Master of Study () is a South Korean television series that aired on KBS2 from January 4 to February 23, 2010 on Mondays and Tuesdays at 21:55 for 16 episodes. It starred Kim Soo-ro, Bae Doona, Oh Yoon-ah, Yoo Seung-ho,  Go Ah-sung, Lee Hyun-woo, Park Ji-yeon,
and Lee Chan-ho.

Based on the Japanese comic series Dragon Zakura, it is about a determined lawyer who takes up a teaching position at a failing high school. To save the school from the ax, he comes up with the unconventional plan of starting a special class curriculum devoted to getting five students into the country's top university.

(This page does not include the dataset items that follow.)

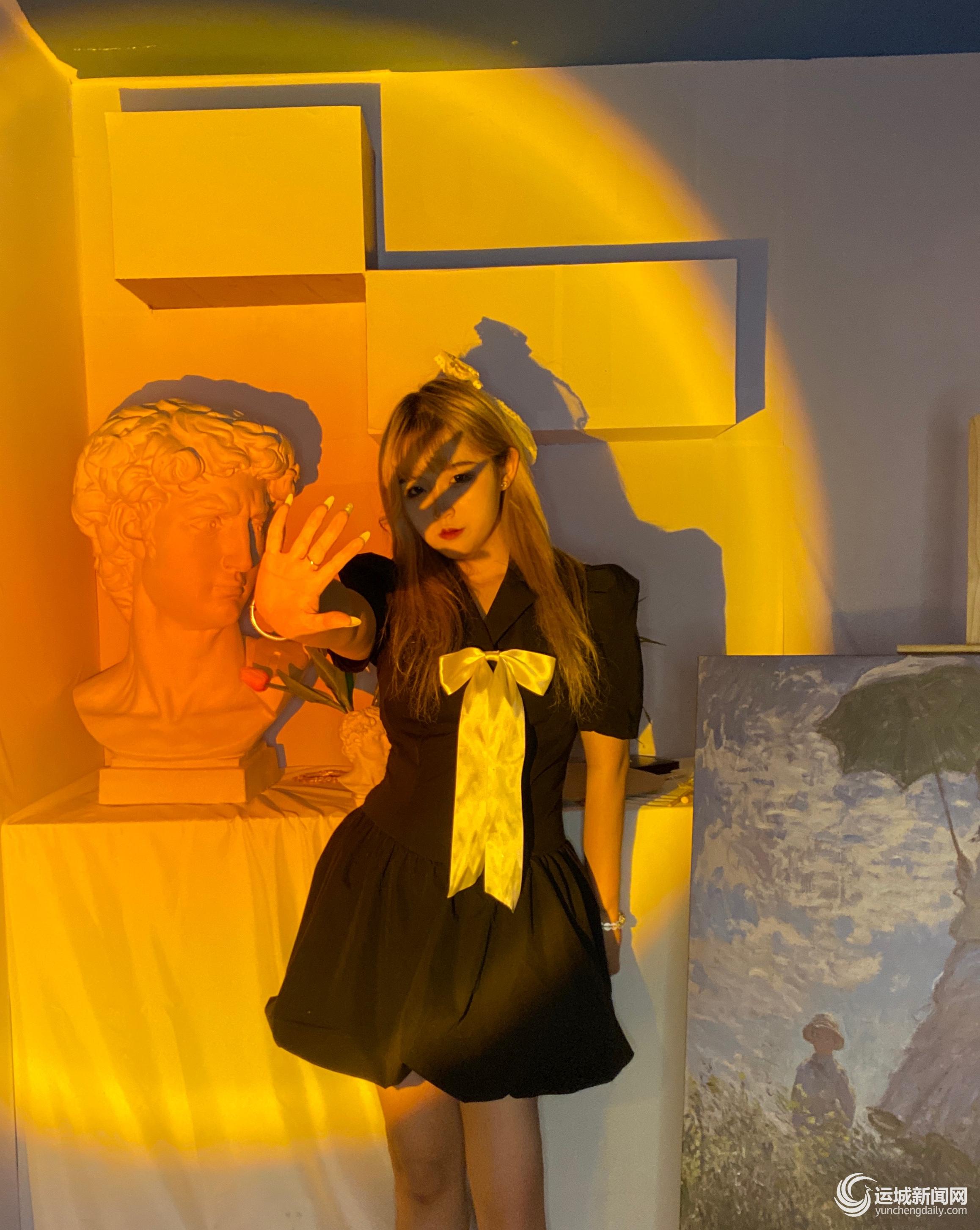 “這個中世紀(jì)繪畫主題搭配一個日落燈,光源是內(nèi)部橘色、外部黃色,拍出來的畫面特別有味道。愛麗絲夢游仙境主題則設(shè)置了煙霧器,女孩子化妝成精靈穿梭其中,更有神奇幻境的感覺。”高瑞昕介紹。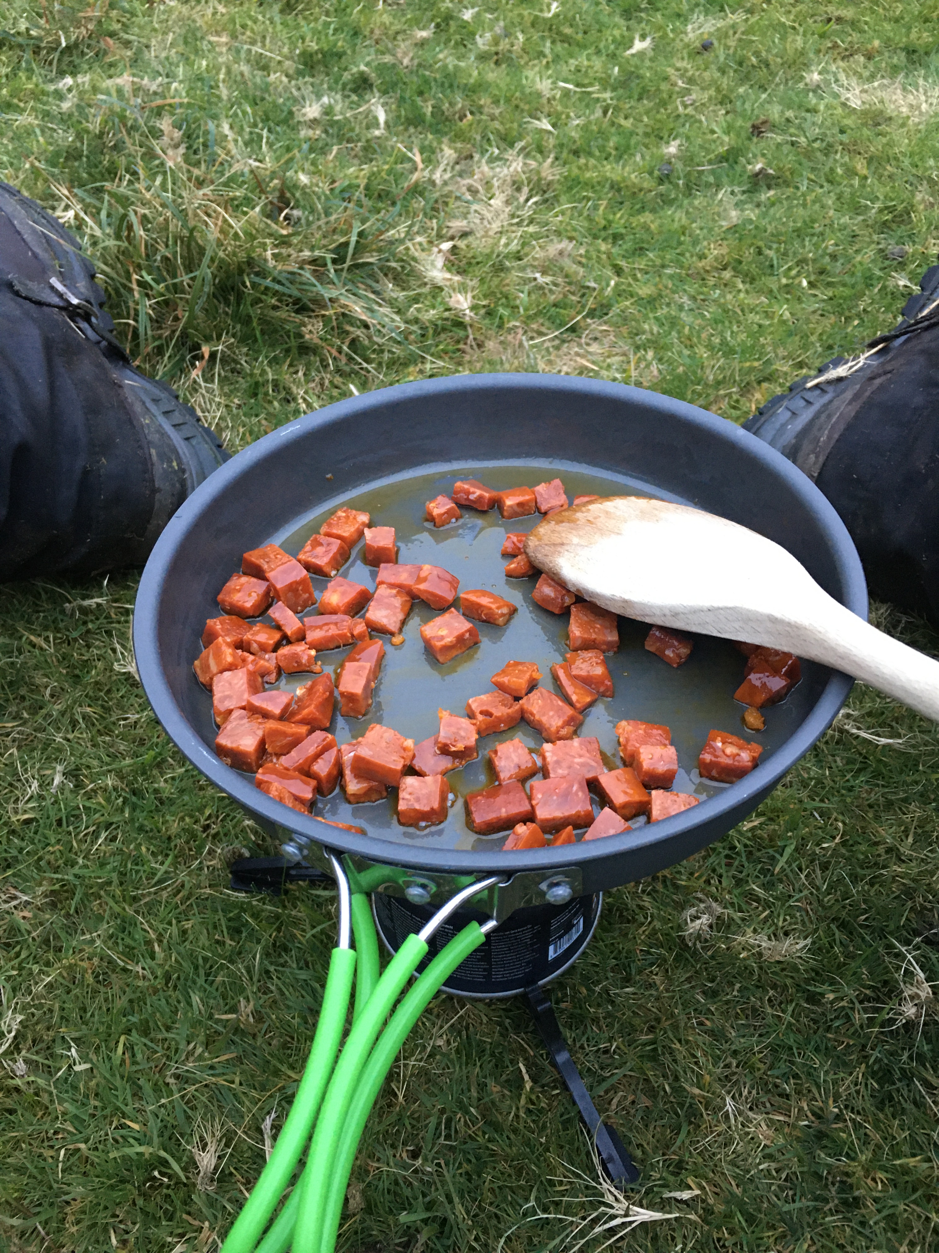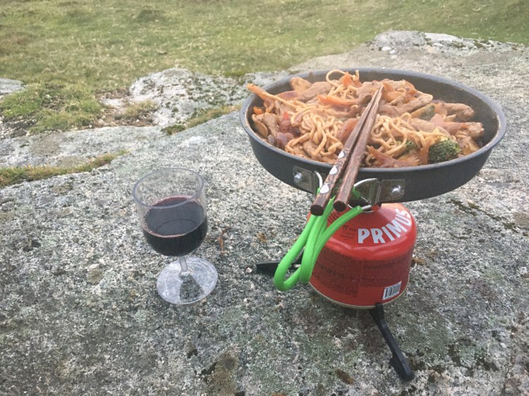 The afternoon wore on and we were just starting to get concerned as to whether we would find a flat dry spot to camp before dark and we came across such a perfect spot. Just enough flat ground on nice spongy grass right by the river and sheltered from the wind. We set up camp and cooked dinner. One ritual we have is to always have booze and cheese after dinner and tonight was no exception with some Stilton washed down with single malt whisky!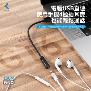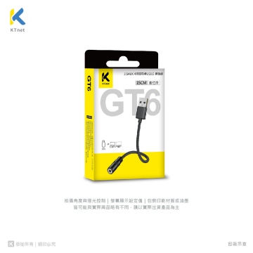 {{ INAME || '【KTnet】GT6 3.5AUX 4極母轉USB公 轉接線15CM 數位款'}}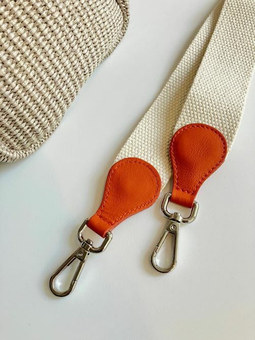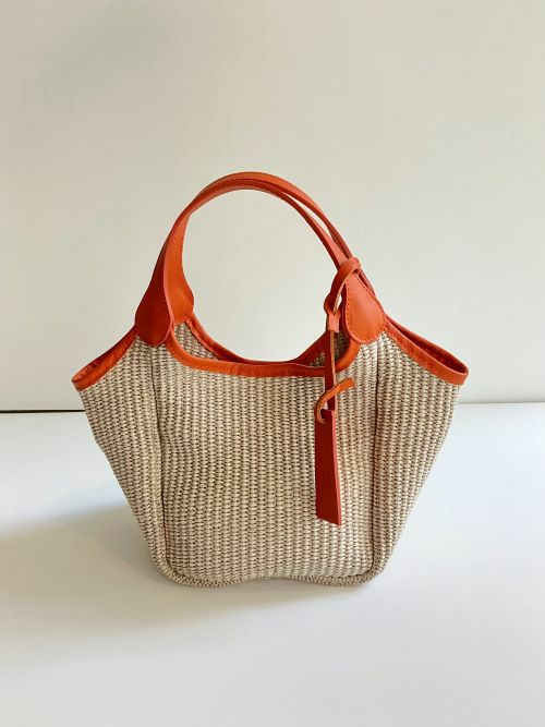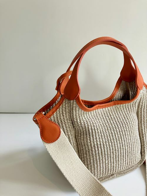 フチのオレンジのレザーがポイントで軽くてマグネット止めが付いています。すごく軽量で最小限の荷物を、収納するのに手軽な大きさです。ショルダーを斜めにかけられても肌当たりも柔らかいので、デイリーに使いやすいカゴバックです。

Master Of Study achieved nationwide as well as international success topping ratings during its 2-month run and scoring multiple nods in different local and overseas awards ceremonies. The series is also one of KBS's most watched series online.

Synopsis 
When scrappy and abrasive lawyer Kang Suk-ho is put in charge of the liquidating Byung Moon High School, he sees his own troubled past in the problematic students who live their lives with no dreams. He then offers to teach them and proclaims that he will get five students accepted into Cheonha University, the most prestigious college in the country. Everyone—including the teachers, students and the school's director Jang Ma-ri—calls him crazy. Quirky and earnest English teacher Han Soo-jung, who believes that the purpose of education is not about getting into a good college, likewise initially objects to Suk-ho's teaching methods and motivations. But he establishes a special class for the five delinquent students, including Hwang Baek-hyun who bumps heads right away with Suk-ho, to help them prepare for Cheonha University.

Cast

Main 
 Kim Soo-ro as Kang Suk-ho 강석호 
 He is a lawyer who was put in charge of liquidating Byung Moon High School. Initially he was unwilling to do so but he recalled the help he received during his time at Byung Moon High, which helped him change from a delinquent teenager who frequently fought into a relatively successful person in society. Thus, he came up with the plan of setting up a "special class" that aims to get students into Cheonha University to improve the school's reputation. He also intended to reform the teaching staff at the school.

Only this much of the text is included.